Columbia Faces the Nuclear Option

June 12, 2025

HEADLINES

Columbia Faces the Nuclear Option (Washington Jewish Week, June 10, 2025) In President Donald Trump’s intensifying war against higher education, Columbia University has become the first to face the nuclear option. The U.S. Department of Education has urged the Middle States Commission on Higher Education to revoke Columbia’s accreditation. Accreditation is what allows students to access Pell Grants and federal student loans. Without it, an institution like Columbia — where nearly a quarter of first-year students receive Pell Grants — becomes functionally inaccessible to the majority of Americans.
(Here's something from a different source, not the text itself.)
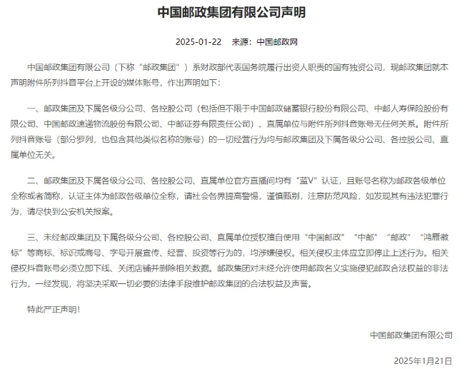 中国邮政集团称,公司将持续发动全系统力量,常态化开展维权打假工作,最大限度减少名称侵权行为对中国邮政品牌信誉的损害和企业经济利益的侵蚀,维护中国邮政合法权益。

In Fight with Columbia, Trump Seeks ‘Death Sentence’ (The Hill, June 8, 2025) While other schools have faced devastating funding cuts and new investigations from multiple federal agencies under Trump, the Education Department is now calling for Columbia University to lose its accreditation, endangering its access to the entire federal student loan system. The accreditor determines if a school is allowed to have access to student aid, including federal loans and Pell Grants. 
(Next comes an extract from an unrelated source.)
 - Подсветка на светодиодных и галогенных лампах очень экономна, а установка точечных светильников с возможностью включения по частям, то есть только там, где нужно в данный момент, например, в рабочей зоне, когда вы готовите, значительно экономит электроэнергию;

Inside UNC’s Effort to Launch a New Accreditor (Inside Higher Ed, June 6, 2025) Last month, Peter Hans, president of the University of North Carolina system, casually dropped a bombshell announcement that the system and others were in talks to launch a new accreditor. “We’ve been having a number of discussions with several other major public university systems, where we’re exploring the idea of creating an accreditor that would offer sound oversight,” Hans said at a UNC system Board of Governors meeting last month.
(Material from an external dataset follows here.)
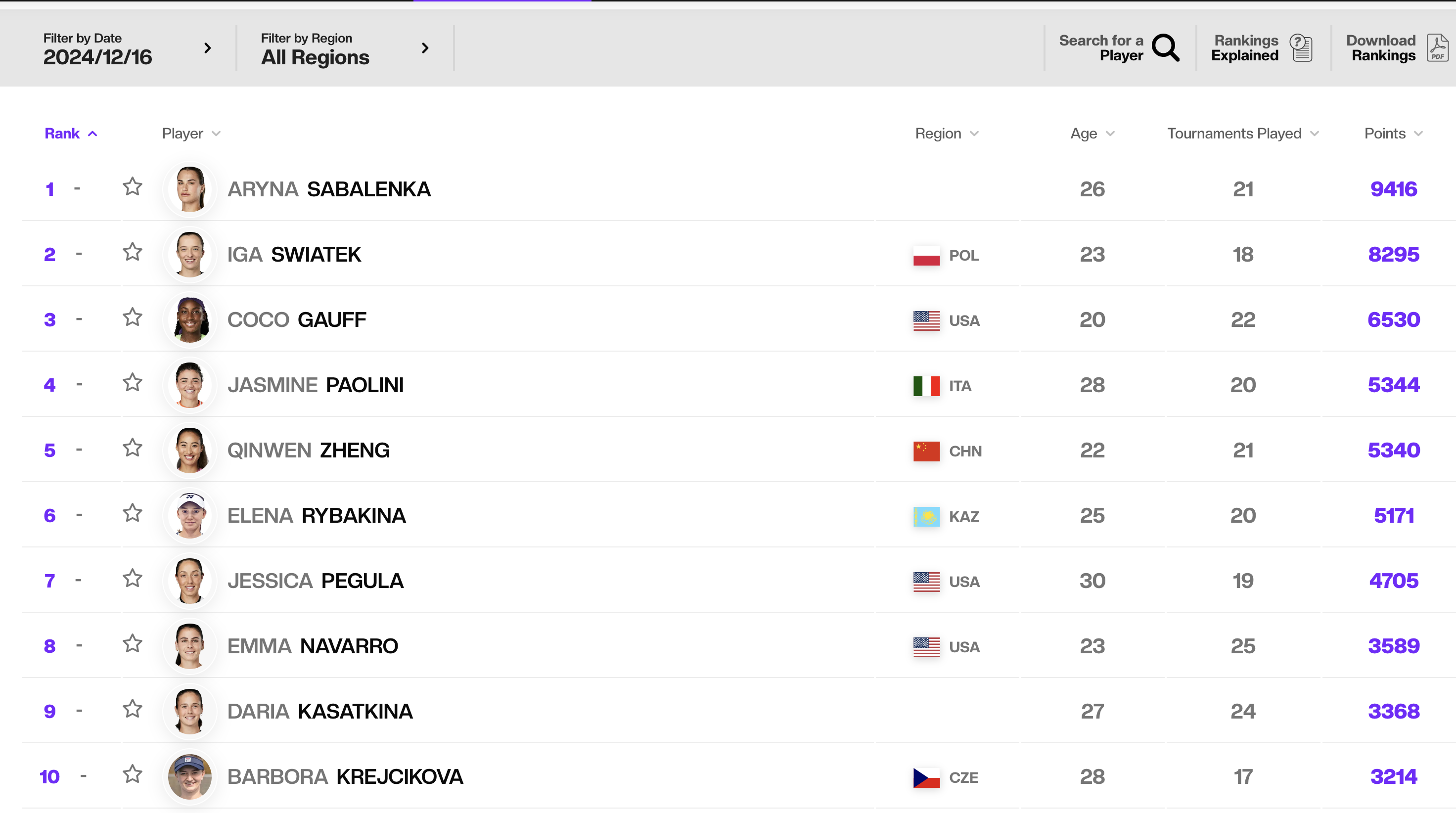WTA 랭킹은 지난 52주 동안 선수의 최고 성적인 16개를 집계합니다. 남자 투어와 마찬가지로, 이 결과에는 4개의 그랜드 슬램(선수가 출전하는 경우)과 선수가 참가한 필수 WTA 1000 토너먼트의 포인트가 포함되어야 합니다. 나머지 16개의 집계 가능한 결과는 다양한 레벨의 토너먼트에서 다음으로 좋은 성적을 거둔 것들로 구성됩니다.

Higher Education Accreditation Under Scrutiny (National Law Review, June 5, 2025) The Administration’s Executive Order titled “Reforming Accreditation to Strengthen Higher Education,” along with an accompanying fact sheet. It set a goal to streamline the process by which Institutions change accreditors and provides that an institution should be permitted to change accreditors without interruption to Title IV funding, so long as the institution’s accreditation has not lapsed. The ability to change accreditors may allow institutions to do so when they perceive their accreditor to be “at risk” for enforcement action. Institutions of higher education should closely follow the Department of Education’s approach with respect to the three accreditors identified in the Executive Order, as well as other higher education accreditors.